* **Task instructions**
Below are records; the lines starting at the one with "HONDA FIT HYBRID L PACKAGE - лот 9030" and ending at the one with "正版葫芦娃手办儿童玩具摆件金刚葫芦兄弟玩偶全套汽车载摇头公仔" must be reproduced exactly, both included. Pictures must not appear.
+ + + + + + +
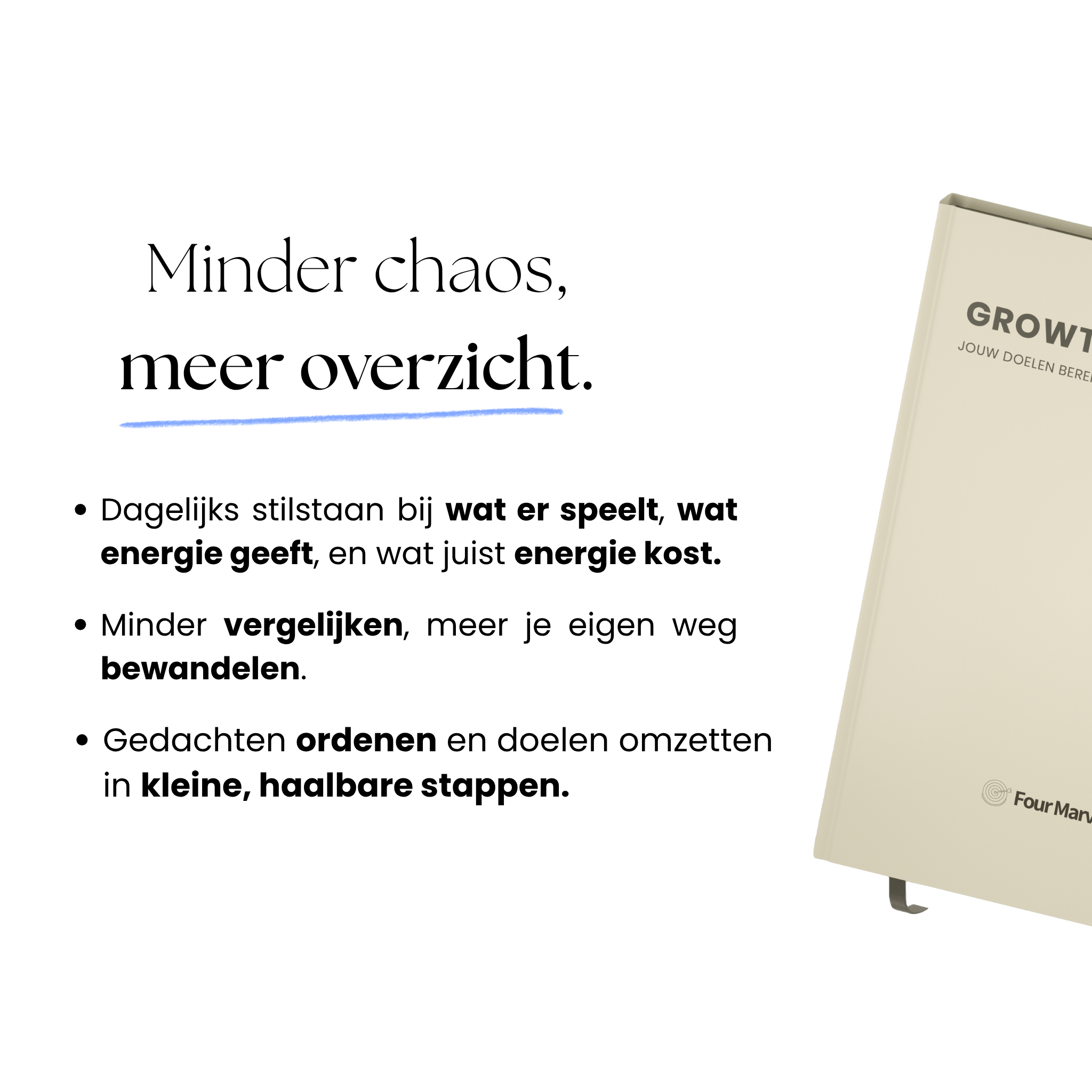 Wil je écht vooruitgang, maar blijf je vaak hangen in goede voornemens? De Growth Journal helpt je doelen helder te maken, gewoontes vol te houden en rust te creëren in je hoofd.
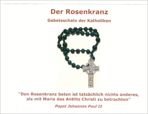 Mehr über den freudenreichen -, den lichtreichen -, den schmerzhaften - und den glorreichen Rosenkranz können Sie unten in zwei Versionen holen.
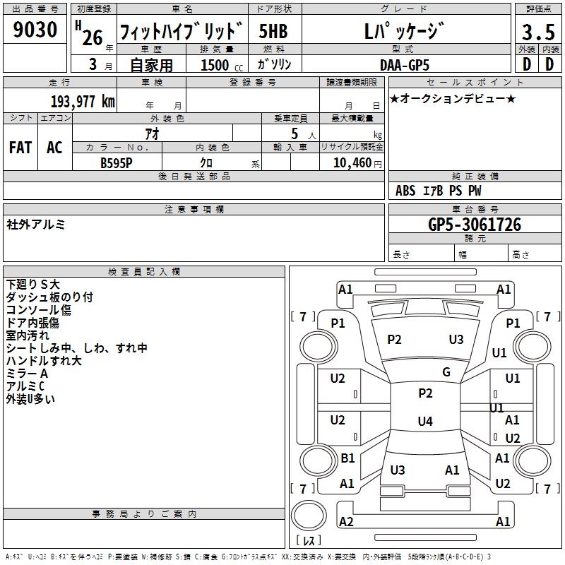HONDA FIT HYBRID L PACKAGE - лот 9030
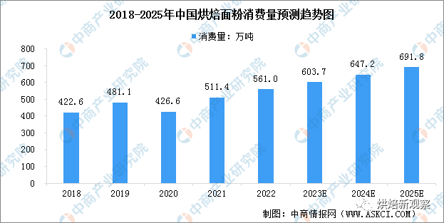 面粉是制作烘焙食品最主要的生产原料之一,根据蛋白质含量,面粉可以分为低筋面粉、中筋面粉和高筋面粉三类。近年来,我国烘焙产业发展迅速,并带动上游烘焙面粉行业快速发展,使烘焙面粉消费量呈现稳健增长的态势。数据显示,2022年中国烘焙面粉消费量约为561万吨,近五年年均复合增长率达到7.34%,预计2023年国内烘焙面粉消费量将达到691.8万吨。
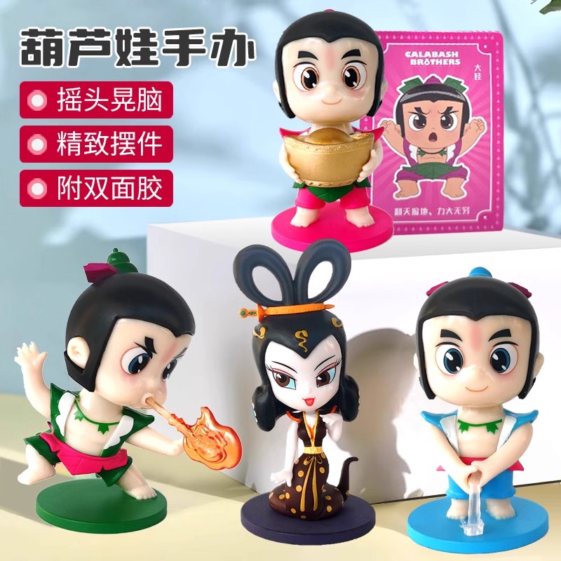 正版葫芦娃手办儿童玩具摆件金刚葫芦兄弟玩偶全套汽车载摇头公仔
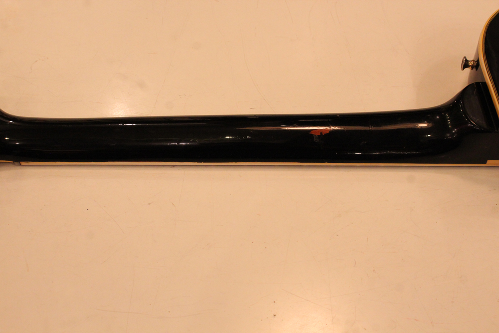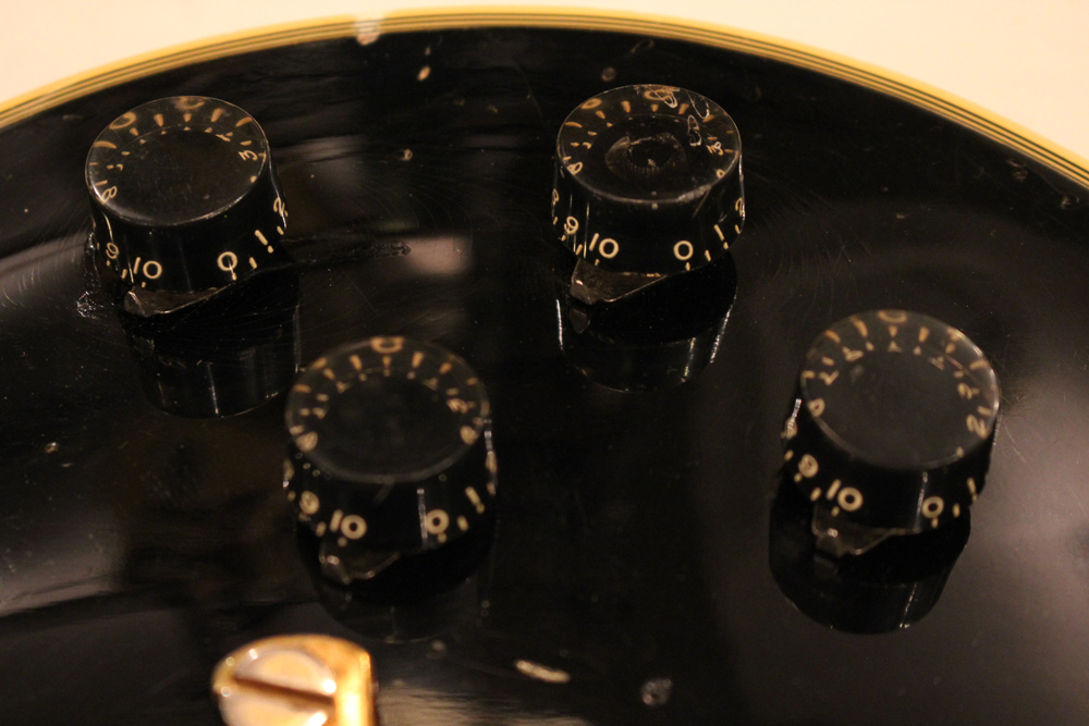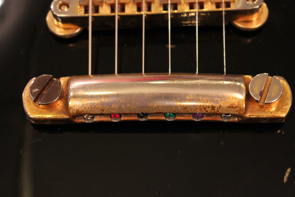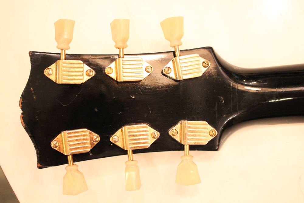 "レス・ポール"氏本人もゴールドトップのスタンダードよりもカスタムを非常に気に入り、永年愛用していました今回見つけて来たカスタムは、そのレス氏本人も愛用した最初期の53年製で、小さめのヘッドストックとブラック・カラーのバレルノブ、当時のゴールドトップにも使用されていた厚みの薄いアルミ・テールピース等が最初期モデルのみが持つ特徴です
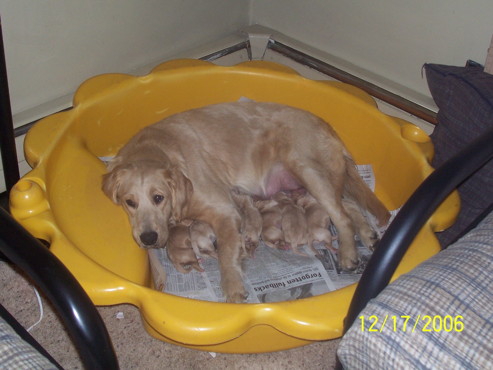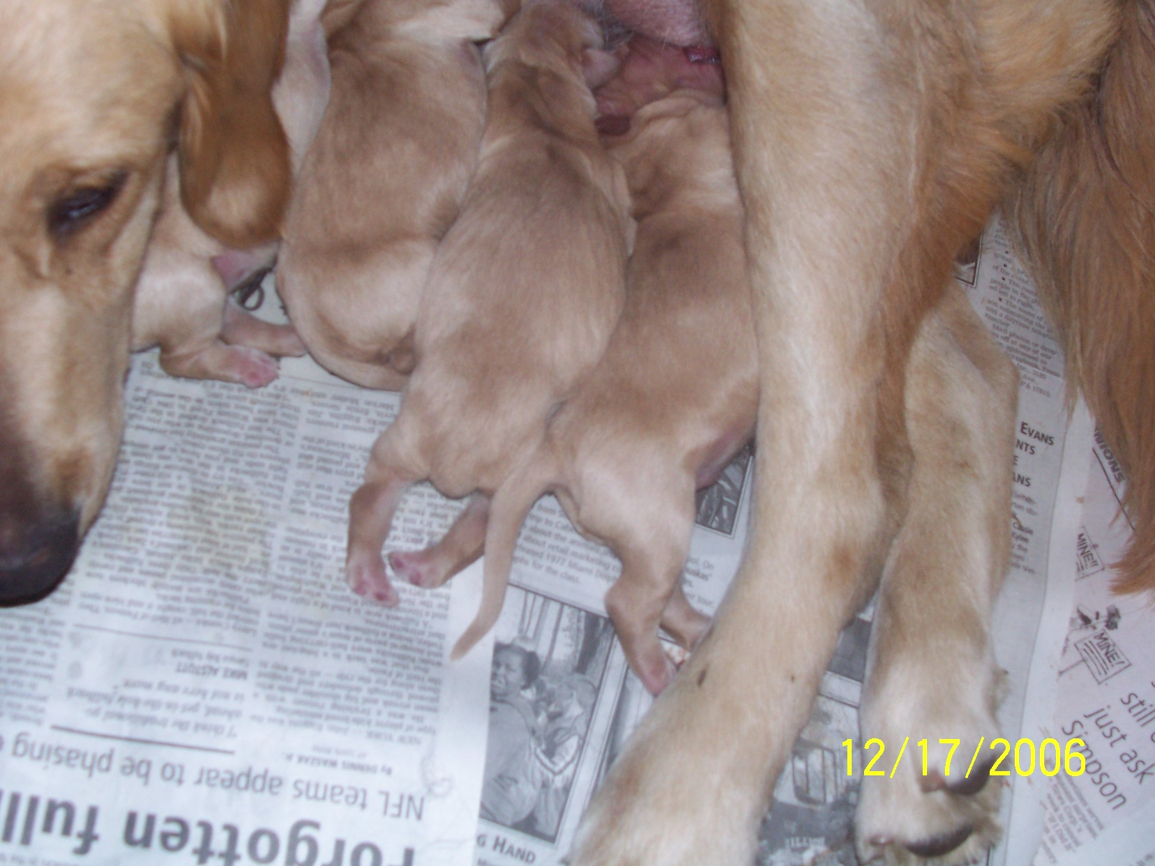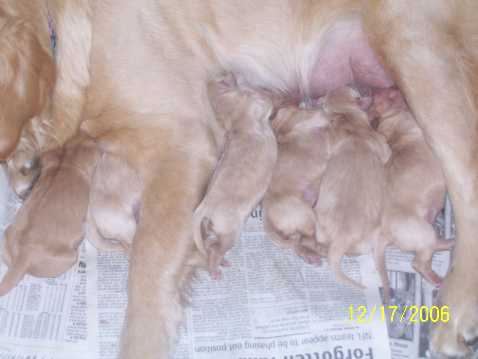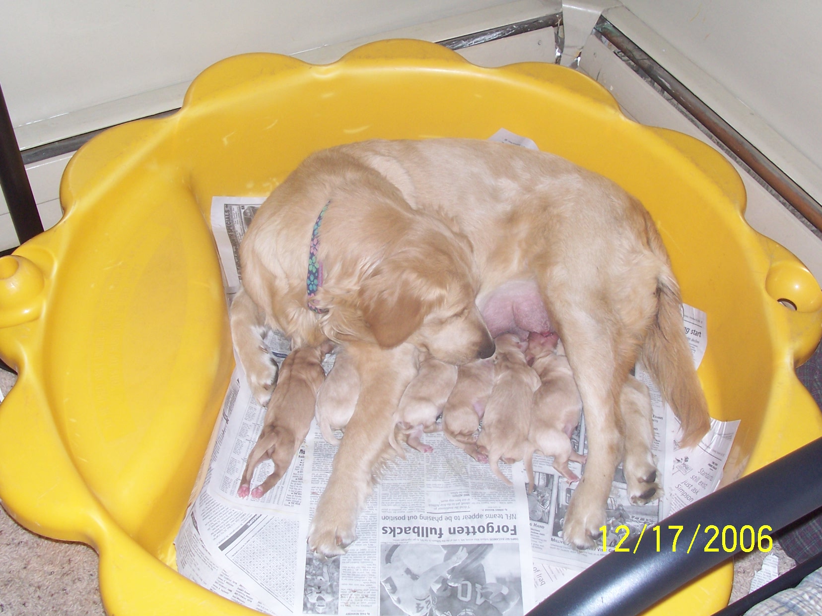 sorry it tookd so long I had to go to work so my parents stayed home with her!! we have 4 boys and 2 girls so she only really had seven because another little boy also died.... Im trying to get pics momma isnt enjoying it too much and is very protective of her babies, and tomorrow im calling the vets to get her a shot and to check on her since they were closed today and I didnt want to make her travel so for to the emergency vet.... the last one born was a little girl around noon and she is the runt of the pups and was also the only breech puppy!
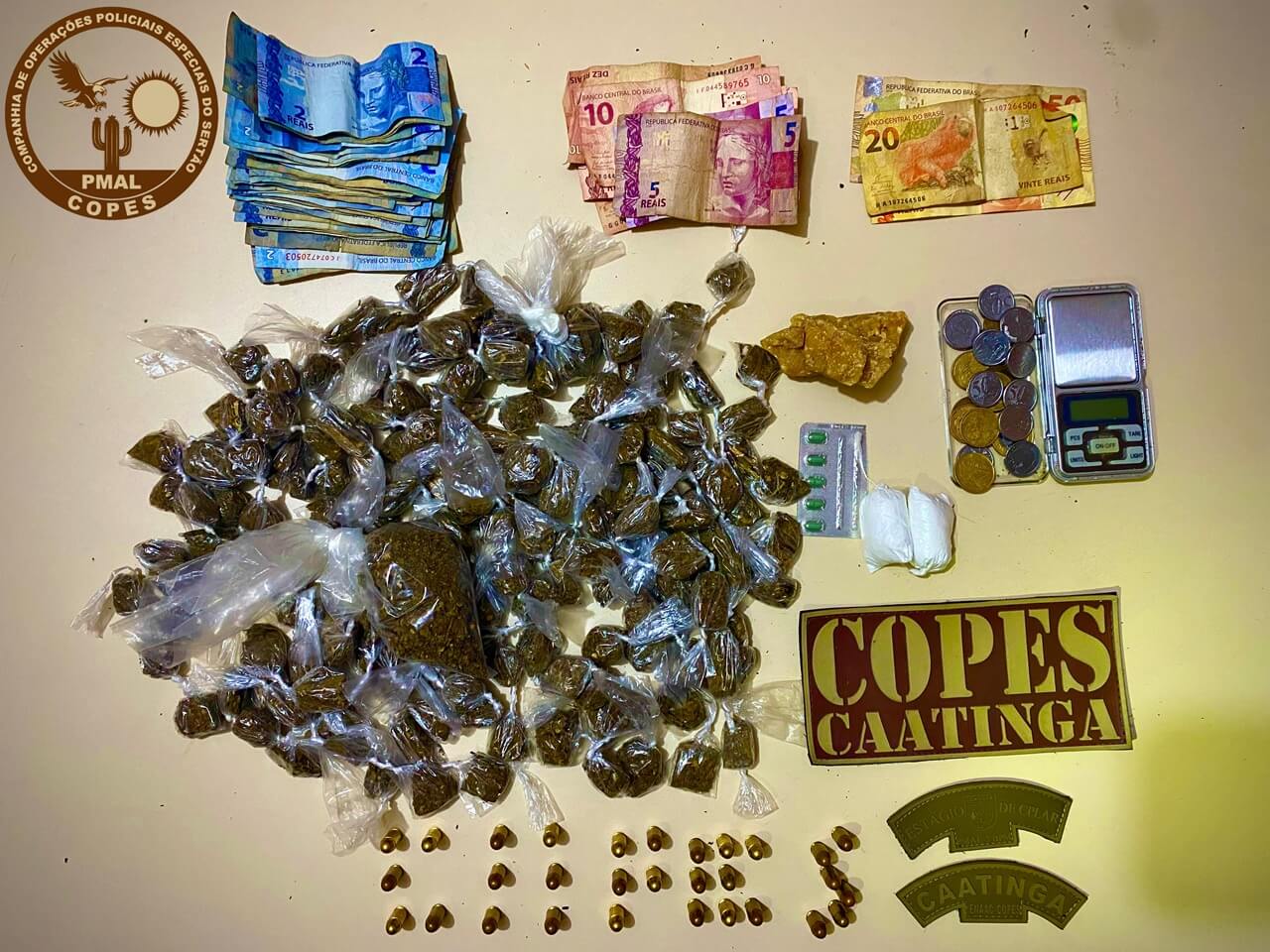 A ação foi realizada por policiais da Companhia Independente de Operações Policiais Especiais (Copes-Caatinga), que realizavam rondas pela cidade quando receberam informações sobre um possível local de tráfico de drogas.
+ + + + + + +
* **Result of the task**
HONDA FIT HYBRID L PACKAGE - лот 9030
 面粉是制作烘焙食品最主要的生产原料之一,根据蛋白质含量,面粉可以分为低筋面粉、中筋面粉和高筋面粉三类。近年来,我国烘焙产业发展迅速,并带动上游烘焙面粉行业快速发展,使烘焙面粉消费量呈现稳健增长的态势。数据显示,2022年中国烘焙面粉消费量约为561万吨,近五年年均复合增长率达到7.34%,预计2023年国内烘焙面粉消费量将达到691.8万吨。
 正版葫芦娃手办儿童玩具摆件金刚葫芦兄弟玩偶全套汽车载摇头公仔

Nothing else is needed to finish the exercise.